**The task:** Please print, exactly, only the lines in the entries below from the line that has "我院新生李翰卿作为学生代表进" through the line that has "木木屋女童牛仔裤春秋炸街2025夏季儿童老爹裤宽松哈伦裤中大童洋气长裤 浅蓝色 130". Pictures don't go in.

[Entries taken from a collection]
——
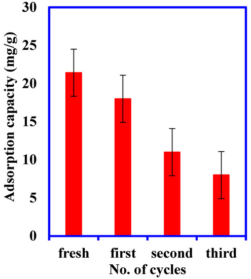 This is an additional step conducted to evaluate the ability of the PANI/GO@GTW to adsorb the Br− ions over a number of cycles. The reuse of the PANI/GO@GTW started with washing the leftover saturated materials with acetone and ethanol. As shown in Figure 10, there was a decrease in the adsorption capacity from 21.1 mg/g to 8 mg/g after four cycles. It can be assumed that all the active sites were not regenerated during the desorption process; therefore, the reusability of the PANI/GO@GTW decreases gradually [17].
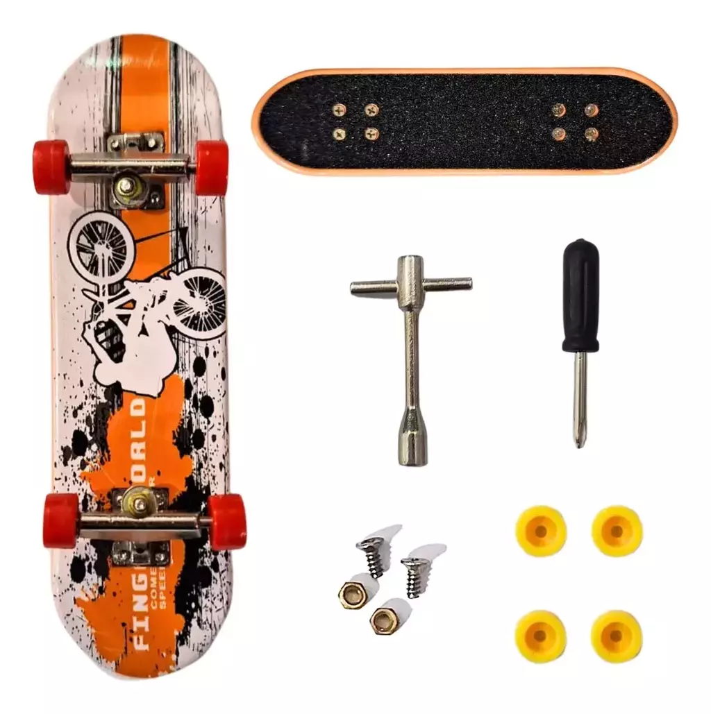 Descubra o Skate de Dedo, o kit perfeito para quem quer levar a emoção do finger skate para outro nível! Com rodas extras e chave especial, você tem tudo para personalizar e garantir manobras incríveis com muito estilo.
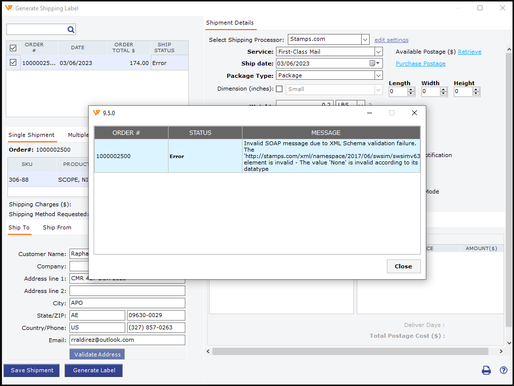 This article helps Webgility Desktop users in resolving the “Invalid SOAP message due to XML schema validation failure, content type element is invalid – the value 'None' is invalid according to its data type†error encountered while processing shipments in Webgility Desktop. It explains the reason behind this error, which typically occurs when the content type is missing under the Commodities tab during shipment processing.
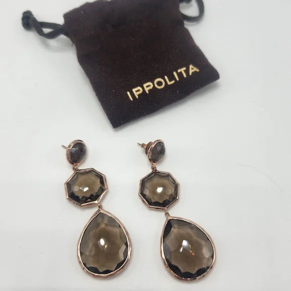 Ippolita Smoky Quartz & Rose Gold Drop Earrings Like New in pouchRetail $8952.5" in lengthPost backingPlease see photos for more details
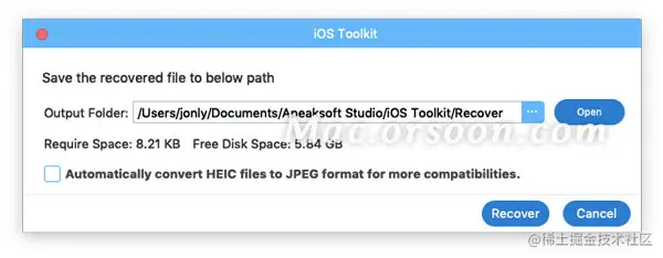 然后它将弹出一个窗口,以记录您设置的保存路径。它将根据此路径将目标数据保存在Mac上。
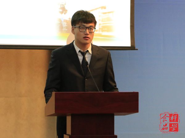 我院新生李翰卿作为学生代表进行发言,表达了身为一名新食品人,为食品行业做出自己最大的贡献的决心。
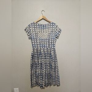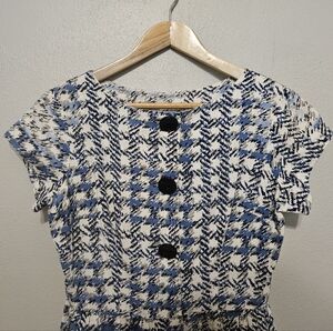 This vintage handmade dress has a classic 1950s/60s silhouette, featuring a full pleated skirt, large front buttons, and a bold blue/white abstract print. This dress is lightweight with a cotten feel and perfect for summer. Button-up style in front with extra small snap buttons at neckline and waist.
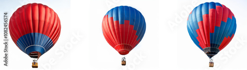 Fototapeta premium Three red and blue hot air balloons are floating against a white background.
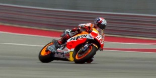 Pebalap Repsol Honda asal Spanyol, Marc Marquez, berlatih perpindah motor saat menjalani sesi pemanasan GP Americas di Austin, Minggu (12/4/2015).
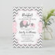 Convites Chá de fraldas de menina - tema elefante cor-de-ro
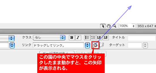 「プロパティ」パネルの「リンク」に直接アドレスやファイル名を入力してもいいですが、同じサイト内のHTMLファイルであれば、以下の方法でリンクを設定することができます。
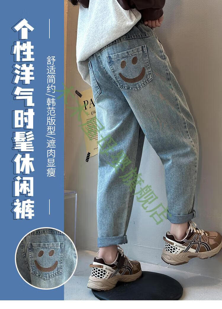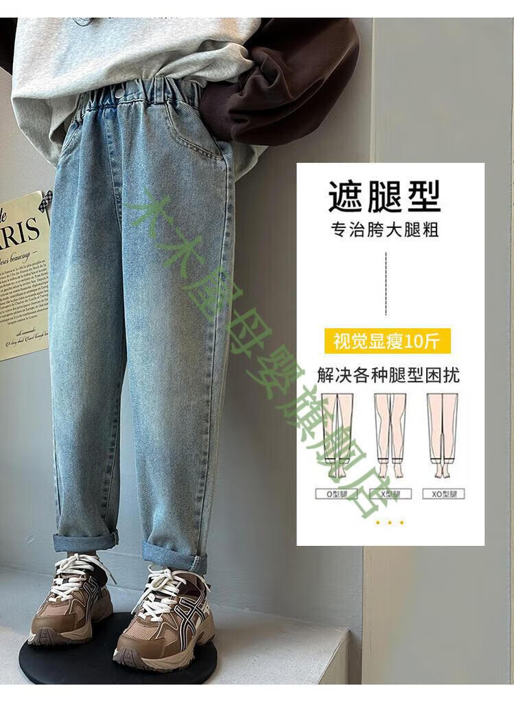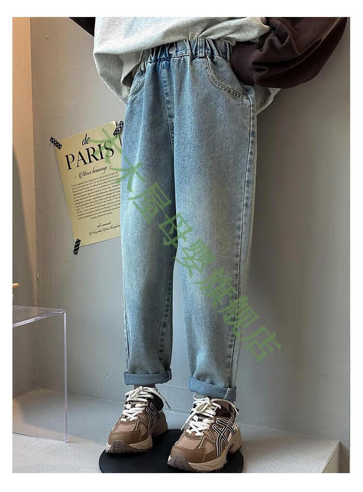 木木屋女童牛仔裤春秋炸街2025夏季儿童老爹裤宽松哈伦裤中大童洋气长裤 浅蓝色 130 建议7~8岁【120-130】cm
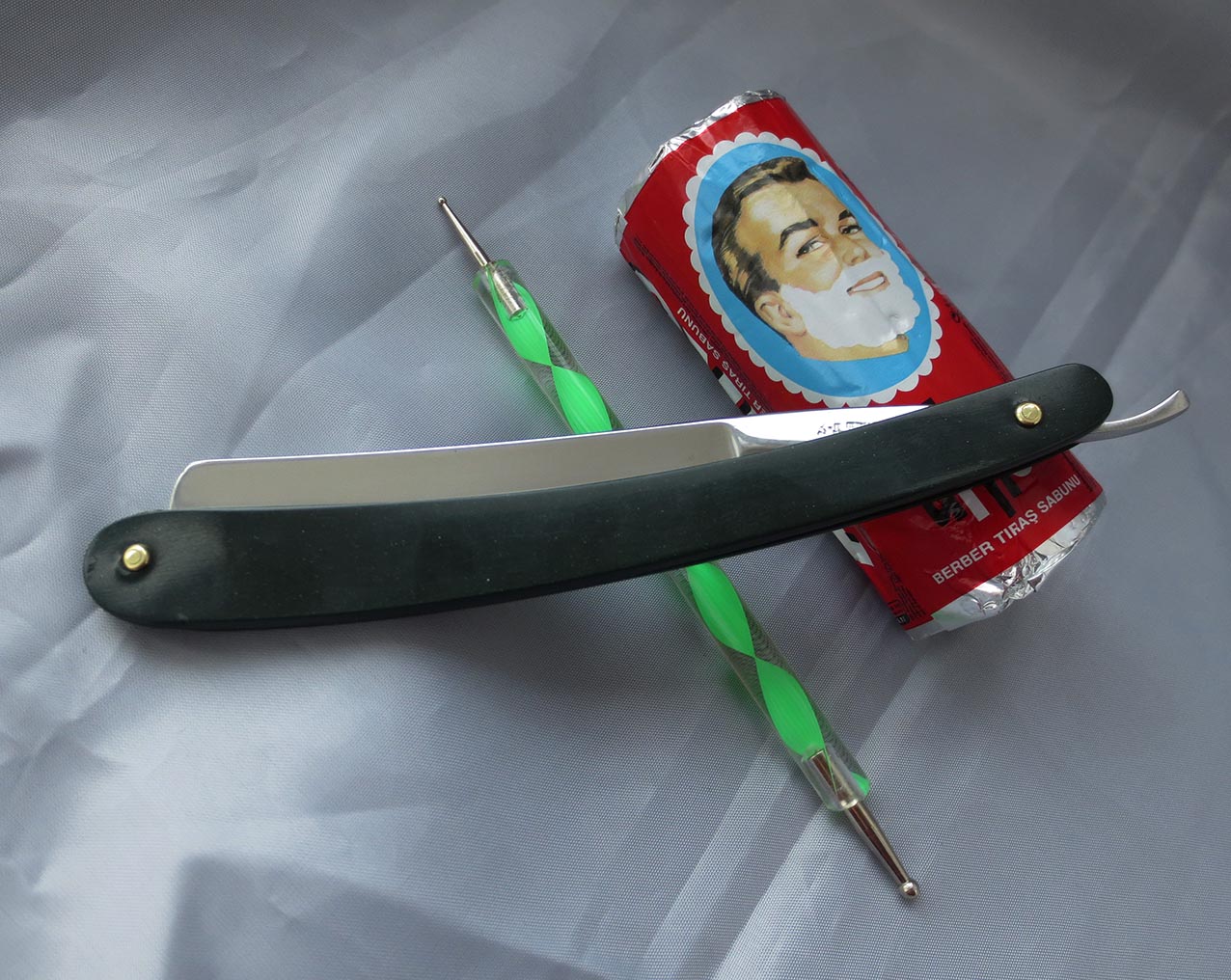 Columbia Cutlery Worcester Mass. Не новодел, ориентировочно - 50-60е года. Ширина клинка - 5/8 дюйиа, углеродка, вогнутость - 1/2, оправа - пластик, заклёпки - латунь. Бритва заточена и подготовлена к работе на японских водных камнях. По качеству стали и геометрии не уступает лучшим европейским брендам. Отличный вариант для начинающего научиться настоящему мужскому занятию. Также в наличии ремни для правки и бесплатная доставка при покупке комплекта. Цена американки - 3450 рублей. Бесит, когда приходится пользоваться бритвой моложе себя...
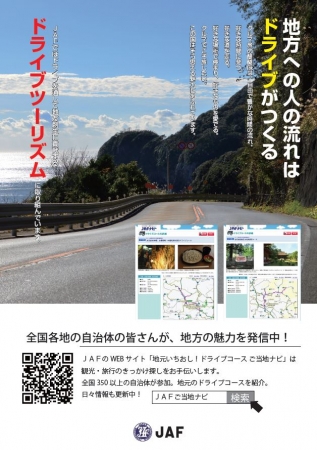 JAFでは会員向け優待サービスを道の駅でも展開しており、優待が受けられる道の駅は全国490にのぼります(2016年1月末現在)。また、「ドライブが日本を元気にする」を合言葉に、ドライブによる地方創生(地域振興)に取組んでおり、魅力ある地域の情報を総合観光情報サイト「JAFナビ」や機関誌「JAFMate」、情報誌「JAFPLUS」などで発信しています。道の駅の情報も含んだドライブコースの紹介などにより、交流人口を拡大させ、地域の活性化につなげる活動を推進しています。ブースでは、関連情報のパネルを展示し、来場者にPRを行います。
——
**Response below:**
 我院新生李翰卿作为学生代表进行发言,表达了身为一名新食品人,为食品行业做出自己最大的贡献的决心。
 This vintage handmade dress has a classic 1950s/60s silhouette, featuring a full pleated skirt, large front buttons, and a bold blue/white abstract print. This dress is lightweight with a cotten feel and perfect for summer. Button-up style in front with extra small snap buttons at neckline and waist.
 Fototapeta premium Three red and blue hot air balloons are floating against a white background.
 Pebalap Repsol Honda asal Spanyol, Marc Marquez, berlatih perpindah motor saat menjalani sesi pemanasan GP Americas di Austin, Minggu (12/4/2015).
 Convites Chá de fraldas de menina - tema elefante cor-de-ro
 「プロパティ」パネルの「リンク」に直接アドレスやファイル名を入力してもいいですが、同じサイト内のHTMLファイルであれば、以下の方法でリンクを設定することができます。
 木木屋女童牛仔裤春秋炸街2025夏季儿童老爹裤宽松哈伦裤中大童洋气长裤 浅蓝色 130 建议7~8岁【120-130】cm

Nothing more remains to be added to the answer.